June 2026

Singapore Office Demand Shifts as New Supply Tightens
Office Market Snapshot

Singapore Office Market Snapshot June 2026

With the relocation of the last remaining tenants from HarbourFront Centre and 79 Anson now largely complete, market demand is likely to shift back towards more traditional occupier movement. This includes businesses seeking new space due to expansion, rightsizing, cost reduction or a need to upgrade to better-quality buildings that support ESG and workplace requirements.

Shaw Tower, which is due to complete soon, has continued to attract attention with a series of tenant announcements. The latest is Allianz Insurance, which is relocating from CapitaSky. Previously announced tenants include Sanofi Aventis, Adyen and The Great Room, further reinforcing the appeal of new, high-quality office developments in a market with limited upcoming supply.

IN BRIEF


Rightsizing remains a popular strategy for occupiers seeking to optimise both cost and space, as seen in the relocations of Shell, Allianz Insurance, ANZ Bank and Bank of New York Mellon.

New office supply will pause in 2027, with space in Shaw Tower, Keppel South Central and IOI Central Boulevard West Tower filling quickly. The next tranche of supply is expected in 2028, including The Clifford, The Skywaters, Newport Plaza and Singtel Comcentre in the Orchard Road district.

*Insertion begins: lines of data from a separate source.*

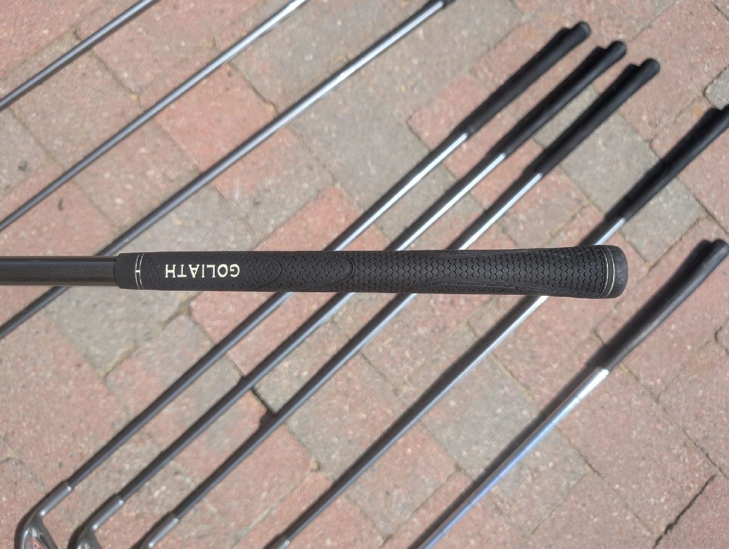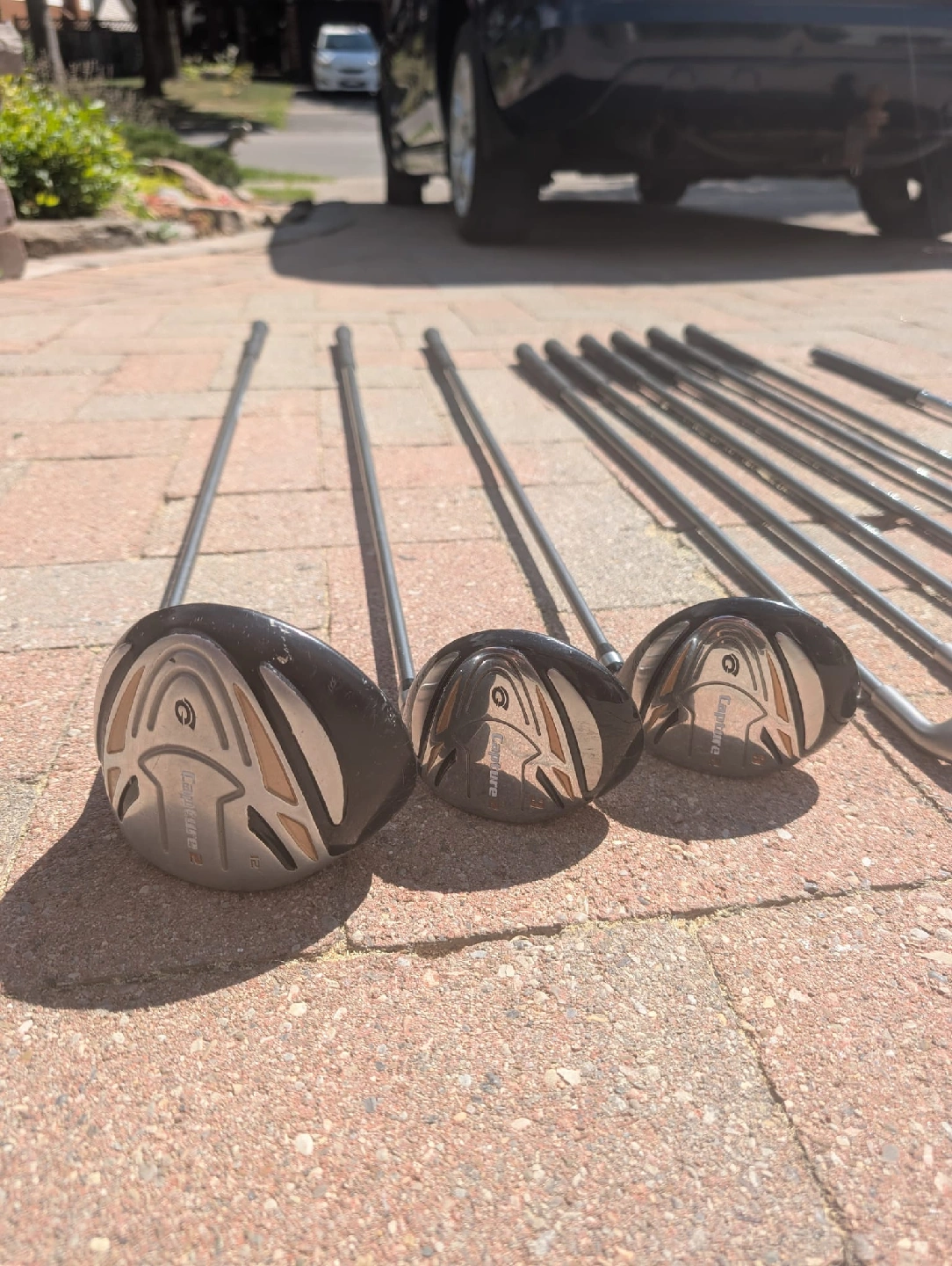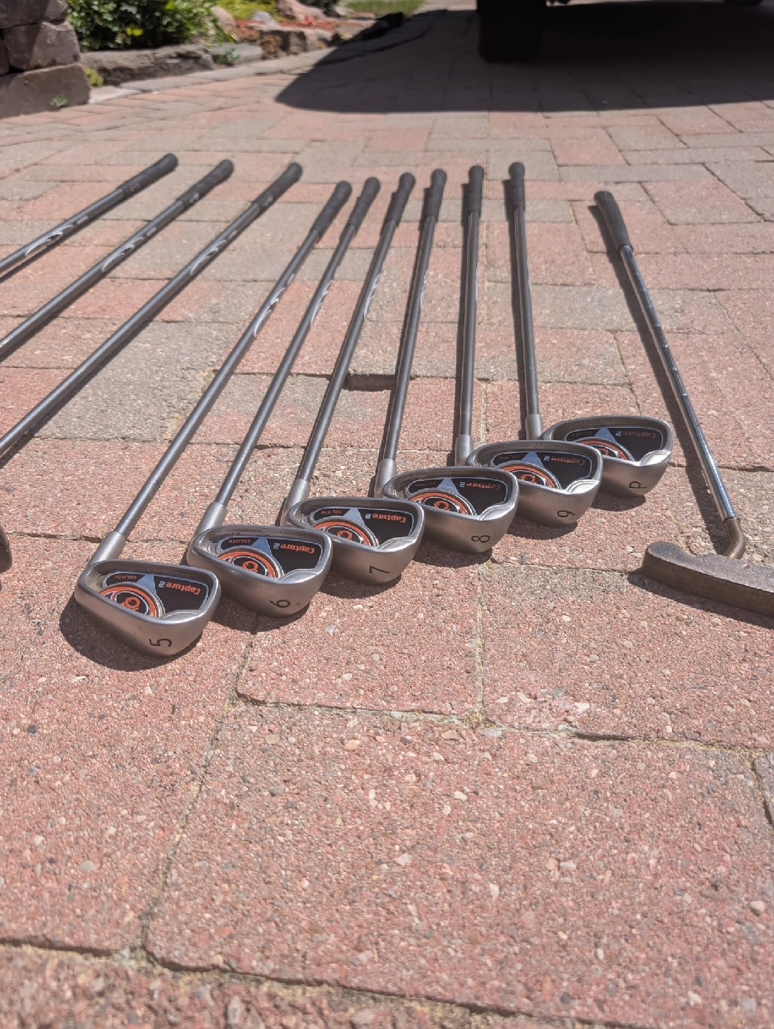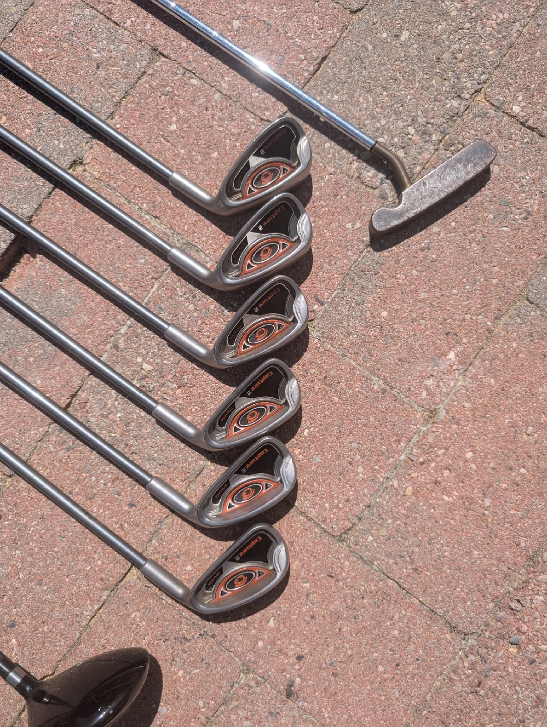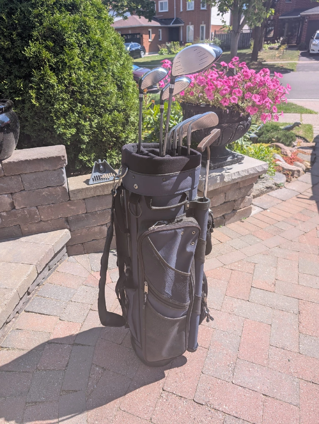Right handed golf clubs with golf bag Goliath Capture2 Ultralite graphite shafts Driver 1,3,5 Irons 5,6,7,8,9,P Dunlop putter Blue and black Dunlop golf bag with carry strap Golf balls and Tees included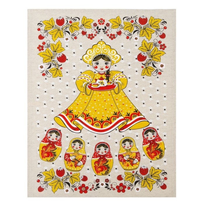 Полотенце кухонное Девица красавица-хохлома 45×60 см, полулён, 160 г/м2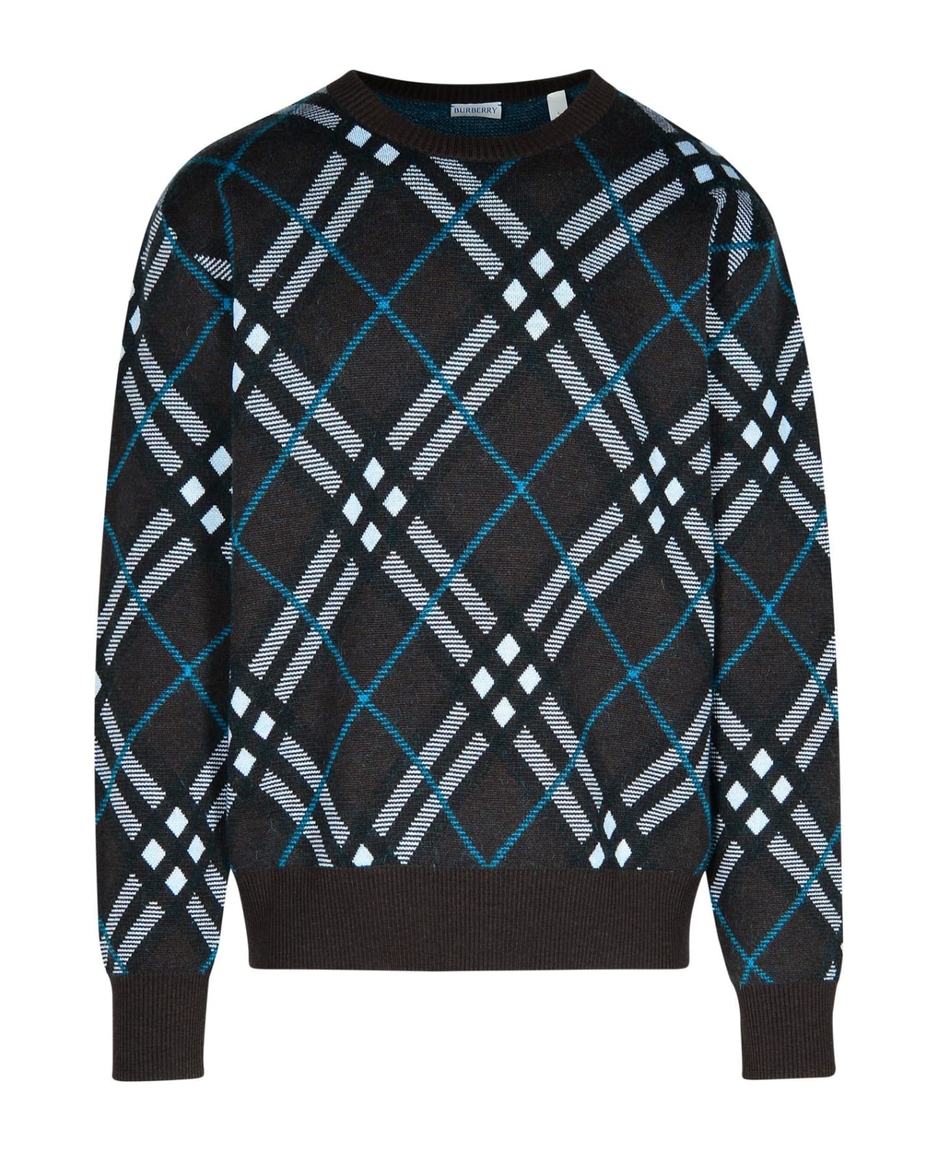 Ribbed crew neck, contrast check pattern, ribbed hem and cuffs, central split at the hem Composition: 86% wool, 7% mohair, 6% nylon, 1% elastane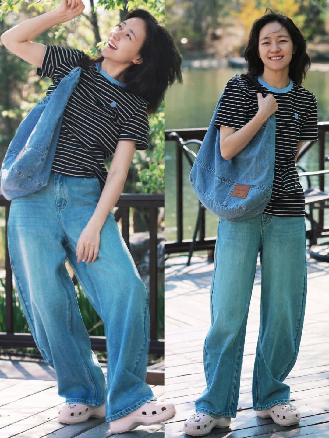 焦俊艳是什么宝藏女孩呀🤩舒适穿搭模范生! 焦俊艳简直是穿搭界的一股清流!衣品没有繁杂的搭配,却处处透着舒适与自在。 条纹T恤搭配阔腿牛仔裤,简约又经典,随性挎上一只大包,仿佛在宣告“舒适才是王道”。这种简单又惬意的穿搭,无论是日常出行还是休闲小聚,都能轻松适配~ cr:焦俊艳 焦俊艳.是哈哈你喜欢的明星吗同款.是哈哈你喜欢的明星吗私服.女是哈哈你喜欢的明星吗穿搭.日常穿搭.跟着是哈哈你喜欢的明星吗学穿搭.夏日穿搭.ootd每日穿搭.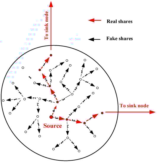 In theory, the adversary needs to first find the relay node, the fake source node and, finally, the real source node. As shown in Figure 6, the shares of message are transmitted to the sink node from different directions. Therefore, it is almost impossible for the local adversary to locate the relay nodes, let alone the fake source node and the real source node. For different real source nodes and messages, the fake source nodes, relay nodes are totally different. The adversary cannot receive continuous package flows and hence the adversary can hardly trace back to the cloud. However, the adversary may occasionally locate the cloud sometime and, in this case, he still cannot find the real source node, because all the nodes in the cloud are indistinguishable.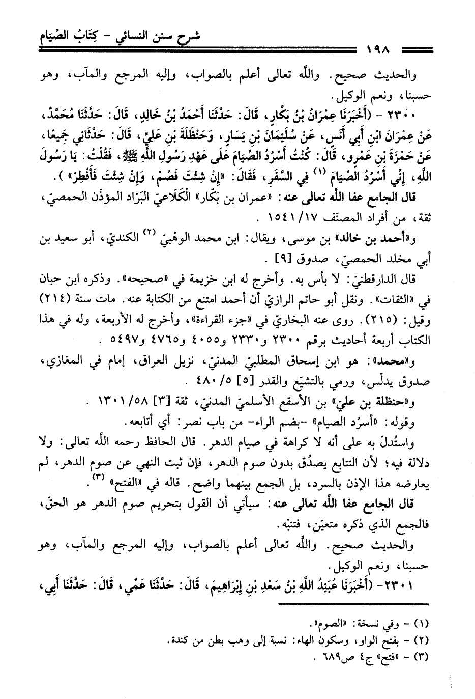 2300 - (أَخْبَرَنَا عِمْرَانُ بْنُ بَكَّارٍ, قَالَ: حَدَّثَنَا أَحْمَدُ بْنُ خَالِدٍ, قَالَ: حَدَّثَنَا مُحَمَّدٌ, عَنْ عِمْرَانَ بْنِ أَبِي أَنَسٍ, عَنْ سُلَيْمَانَ بْنِ يَسَارٍ, وَحَنْظَلَةَ بْنِ عَلِيٍّ, قَالَ: حَدَّثَانِي جَمِيعًا, عَنْ حَمْزَةَ بْنِ عَمْرٍو, قَالَ: كُنْتُ أَسْرُدُ الصِّيَامَ عَلَى عَهْدِ رَسُولِ اللَّهِ - صلى اللَّه عليه وسلم -, فَقُلْتُ: يَا رَسُولَ اللَّهِ, إِنِّي أَسْرُدُ الصِّيَامَ (¬1) فِي السَّفَرِ, فَقَالَ: «إِنْ شِئْتَ فَصُمْ, وَإِنْ شِئْتَ فَأَفْطِرْ»).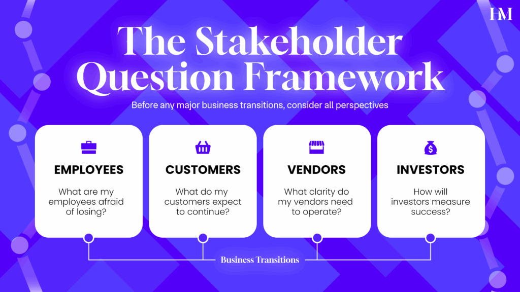 The result? Smooth transitions, maintained trust, and preserved business momentum during critical changes. More importantly, they demonstrate the kind of intentional leadership that creates competitive advantage.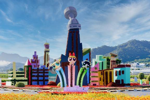 史上最大主花毯亮相! 飛天小女警主題裝置與限定主題館領航花海奇幻冒險

The islandwide office vacancy rate decreased to 10.8% at the end of Q1 2026, down from 11.1% at the end of the previous quarter. The supply data below is from the Urban Redevelopment Authority.

OFFICE SUPPLY DATA

Supply Pipeline of Office Space

Stock and Vacancy Rate of Office Space

Source: URA Website

In Other News

Shaw Tower, Beach Road
Shaw Tower, Beach Road

Allianz said to have leased about 78,000 sq ft at Shaw Tower

Allianz is understood to have leased about 78,000 square feet (sq ft) at the new Shaw Tower in Beach Road, in the biggest leasing deal signed so far at the redeveloped project. The group is expected to relocate from CapitaSky at 79 Robinson Road, where it is said to occupy about 88,000 sq ft. Its lease there will end in March 2027.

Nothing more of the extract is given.